2. 　　local optima: 使用有监督学习训练shallow network可以得到很好的的模型参数，由于解决的是一个高阶的非凸问题，在训练deep network时，这个问题非凸问题成为严重，因此使用梯度下降等参数学习方法不能很好工作
3. diffusion of gradients: 在深度神经网络中一般使用back propagation计算梯度，即将输出层的误差依次反馈到前面的隐含层，但是随着深度的增加，梯度以相当快的速度减少，因此损失函数的梯度反馈到最前面的隐含层时已经非常小了，所学到的权重变化也非学小，此时前面的隐含层对于改善整个模型的performance的贡献就非常的小。

greedy layer-wise learning:

　　该模型也包含多个隐含层，不过每个隐含层是分开学习的，即先学习第一层，然后将第一层的输出作为第二层的输入学习第二层，以此类推，每一层的学习是一个简单三层autoencoder模型，最后一层加上softmax regression作为分类器

该模型的优点：

1. availability of data:由于autoencoder是完全的无监督学习，因此只需要无标签的样本，而无标签样本相较于有标签的样本非常容易获得，这也就是seft-taught learning最大的优势。
2. better local optima:使用无标签的样本学习到权重参数的更优的初始值 W相对于随机初始化的权值，此时使用fine-tuning策略以W为起点调整权重，显然可以得到更好的最优解，因为这里我们使用了更好的初始值。

一些问题：

　　1、同样存在前面介绍的内存的问题，所以作者使用了较少的训练样本及迭代次数

　　2、在fine-tuning阶段，仅对两个隐含层的权重进行调整，具体调整过程如下：

在步骤2中，将softmax 这一层整体作为第二个隐含层的输出，由于刚开始的时候以为对softmax层的权重也要调整，所以步骤2中的公式没有看明白，softmax层的输出使用max，而隐含层使用sigmoid 函数，因此 $f^{'}(z^{n_{l}}) f^{'}(z^{l})$ 结果是不一样的，前者是对max求导，后者对sigmoid函数求导。
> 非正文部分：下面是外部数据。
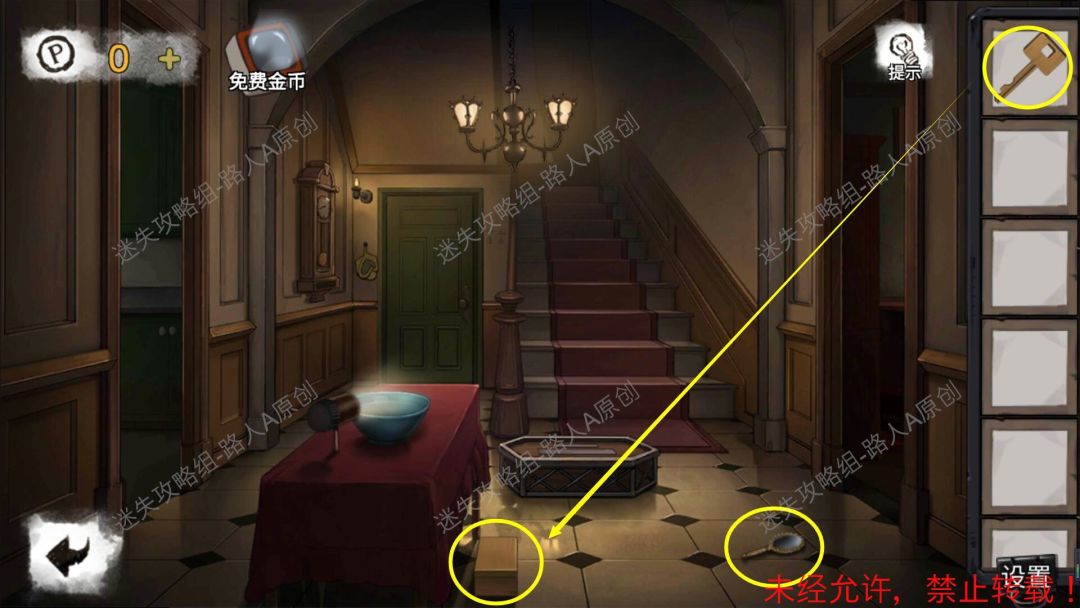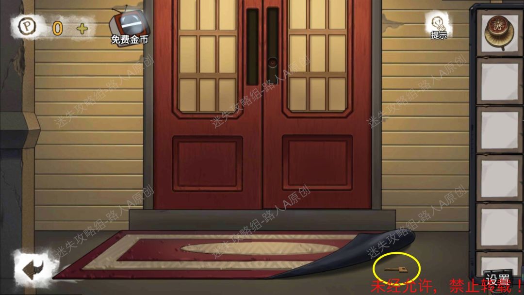 5.掀开门前的地毯,拾取【钥匙】。5.1

最后才发现原来仅需要对隐含层执行fine-tuning操作。softmax层为什么不需要权重调整呢，是由于softmax层是有监督学习，因为不需要。在计算第二个隐含层的 $\delta ^{n_{l}}$ 时，我们将softmax层当作一个整体作为它的输出，那么也就很好理解了，可以比较一下back propagation中的 $\delta _{i}^{n_{l}}$

由于第二层的输出实际是softmax的输入，因此需要考虑softmax层的权重。

3、关于学习到权重的可视化问题，隐含层L1的权重可直接使用Exercise:Sparse Autoencoder 中的display_network显示，该函数把权重W的每一列作为一个n*n的小图显示，也就要求W11的每一列的维度可开方。L2层的权重W12的显示，不能像L1一样将权重直接授给display_network，由于L2经过L1层，因此需要考虑L1层的权重，但是L1层的激活函数是非线性的，也不能将W12*W11作为学习到的特征，但可以使用它将L1,L2学习到的特征进行比较，发现L2学习到的轮廓更加明显，噪声点更少一点。
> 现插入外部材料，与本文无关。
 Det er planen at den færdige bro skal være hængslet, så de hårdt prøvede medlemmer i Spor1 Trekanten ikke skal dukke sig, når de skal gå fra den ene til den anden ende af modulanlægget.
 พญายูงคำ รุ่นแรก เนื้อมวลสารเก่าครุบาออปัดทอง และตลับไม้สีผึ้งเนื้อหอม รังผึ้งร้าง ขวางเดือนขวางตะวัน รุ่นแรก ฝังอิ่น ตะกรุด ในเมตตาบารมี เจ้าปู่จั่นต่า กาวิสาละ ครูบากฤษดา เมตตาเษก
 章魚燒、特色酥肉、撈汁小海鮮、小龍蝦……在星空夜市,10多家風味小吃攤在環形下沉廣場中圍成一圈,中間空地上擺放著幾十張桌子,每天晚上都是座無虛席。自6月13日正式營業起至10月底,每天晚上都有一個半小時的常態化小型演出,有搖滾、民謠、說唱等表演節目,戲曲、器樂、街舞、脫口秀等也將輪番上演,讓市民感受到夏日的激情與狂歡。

4、按道理fine-tuning后，可视化后的权重轮廓应该更加明显，但结果却更糟糕，不晓得是为什么

4、一定要根据实验需要从Exercise:Sparse Autoencoder , Exercise: Vectorization , Exercise: Softmax regression, Exercise: Self-taught Learning 章节中把需要相关代码拷过来，作者在做实验的过程中漏掉了一个文件，搞得调了很久也不晓得是什么原因，哎，太粗心大意了。贴一下需要的文件

实验结果：

fine-tuning之前的权重：

fine-tuning之后的权重：

准确率：　

Before Finetuning Test Accuracy: 80.750%
After Finetuning Test Accuracy: 87.400%

原谅我的机器内存的问题，只使用了2000个训练样本，隐含层训练时的迭代次数只有50次，所以准确率比较低，但是还是对于说明fine-tuning的重要性还是很有说服力的

实验主要代码

　　stackedAEExercise.m

%% CS294A/CS294W Stacked Autoencoder Exercise

%  Instructions
%  ------------
% 
%  This file contains code that helps you get started on the
%  sstacked autoencoder exercise. You will need to complete code in
%  stackedAECost.m
%  You will also need to have implemented sparseAutoencoderCost.m and 
%  softmaxCost.m from previous exercises. You will need the initializeParameters.m
%  loadMNISTImages.m, and loadMNISTLabels.m files from previous exercises.
%  
%  For the purpose of completing the assignment, you do not need to
%  change the code in this file. 
%
%%======================================================================
%% STEP 0: Here we provide the relevant parameters values that will
%  allow your sparse autoencoder to get good filters; you do not need to 
%  change the parameters below.

DISPLAY = true;
inputSize = 28 * 28;
numClasses = 10;
hiddenSizeL1 = 200;    % Layer 1 Hidden Size
hiddenSizeL2 = 200;    % Layer 2 Hidden Size
sparsityParam = 0.1;   % desired average activation of the hidden units.
                       % (This was denoted by the Greek alphabet rho, which looks like a lower-case "p",
                       %  in the lecture notes). 
lambda = 3e-3;         % weight decay parameter       
beta = 3;              % weight of sparsity penalty term       

%%======================================================================
%% STEP 1: Load data from the MNIST database
%
%  This loads our training data from the MNIST database files.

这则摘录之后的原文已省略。